# [Problem statement]
Once you reach the line containing "超级补贴现神价!AMD 锐龙5 9600X京东11.11史低推荐" in the data below, restate each line word for word up to and including the one containing "Продолжаем работу с".
Records Block Start
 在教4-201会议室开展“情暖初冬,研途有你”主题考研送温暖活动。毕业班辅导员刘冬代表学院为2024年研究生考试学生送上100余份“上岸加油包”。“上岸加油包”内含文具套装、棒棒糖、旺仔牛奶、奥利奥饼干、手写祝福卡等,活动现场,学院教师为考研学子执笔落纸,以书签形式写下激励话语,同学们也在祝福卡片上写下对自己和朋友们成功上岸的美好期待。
Records Block End
Records Block Start
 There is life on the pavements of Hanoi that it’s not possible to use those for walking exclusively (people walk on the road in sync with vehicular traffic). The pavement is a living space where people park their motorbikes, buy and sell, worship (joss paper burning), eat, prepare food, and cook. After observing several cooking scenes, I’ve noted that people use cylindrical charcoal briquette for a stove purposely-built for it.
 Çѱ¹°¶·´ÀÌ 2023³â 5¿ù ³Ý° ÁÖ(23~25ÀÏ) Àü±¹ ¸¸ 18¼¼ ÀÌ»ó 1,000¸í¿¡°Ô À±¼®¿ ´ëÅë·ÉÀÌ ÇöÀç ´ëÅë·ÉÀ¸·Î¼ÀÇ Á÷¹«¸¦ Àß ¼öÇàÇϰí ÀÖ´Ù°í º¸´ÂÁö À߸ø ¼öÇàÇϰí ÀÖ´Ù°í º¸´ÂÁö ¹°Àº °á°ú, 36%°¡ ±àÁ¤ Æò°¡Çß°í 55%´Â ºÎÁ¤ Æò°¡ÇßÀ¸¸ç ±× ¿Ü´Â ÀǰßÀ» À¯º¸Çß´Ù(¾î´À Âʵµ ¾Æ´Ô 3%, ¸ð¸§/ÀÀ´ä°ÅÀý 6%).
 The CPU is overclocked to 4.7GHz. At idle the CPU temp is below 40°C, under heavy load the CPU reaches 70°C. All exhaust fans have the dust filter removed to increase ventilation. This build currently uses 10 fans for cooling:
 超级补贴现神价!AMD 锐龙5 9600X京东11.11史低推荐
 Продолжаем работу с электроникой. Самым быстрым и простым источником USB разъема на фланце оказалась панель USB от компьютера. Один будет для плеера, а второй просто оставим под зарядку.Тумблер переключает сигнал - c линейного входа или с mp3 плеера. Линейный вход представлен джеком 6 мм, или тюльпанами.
Records Block End
# [Answer below]
 超级补贴现神价!AMD 锐龙5 9600X京东11.11史低推荐
 Продолжаем работу с электроникой. Самым быстрым и простым источником USB разъема на фланце оказалась панель USB от компьютера. Один будет для плеера, а второй просто оставим под зарядку.Тумблер переключает сигнал - c линейного входа или с mp3 плеера. Линейный вход представлен джеком 6 мм, или тюльпанами.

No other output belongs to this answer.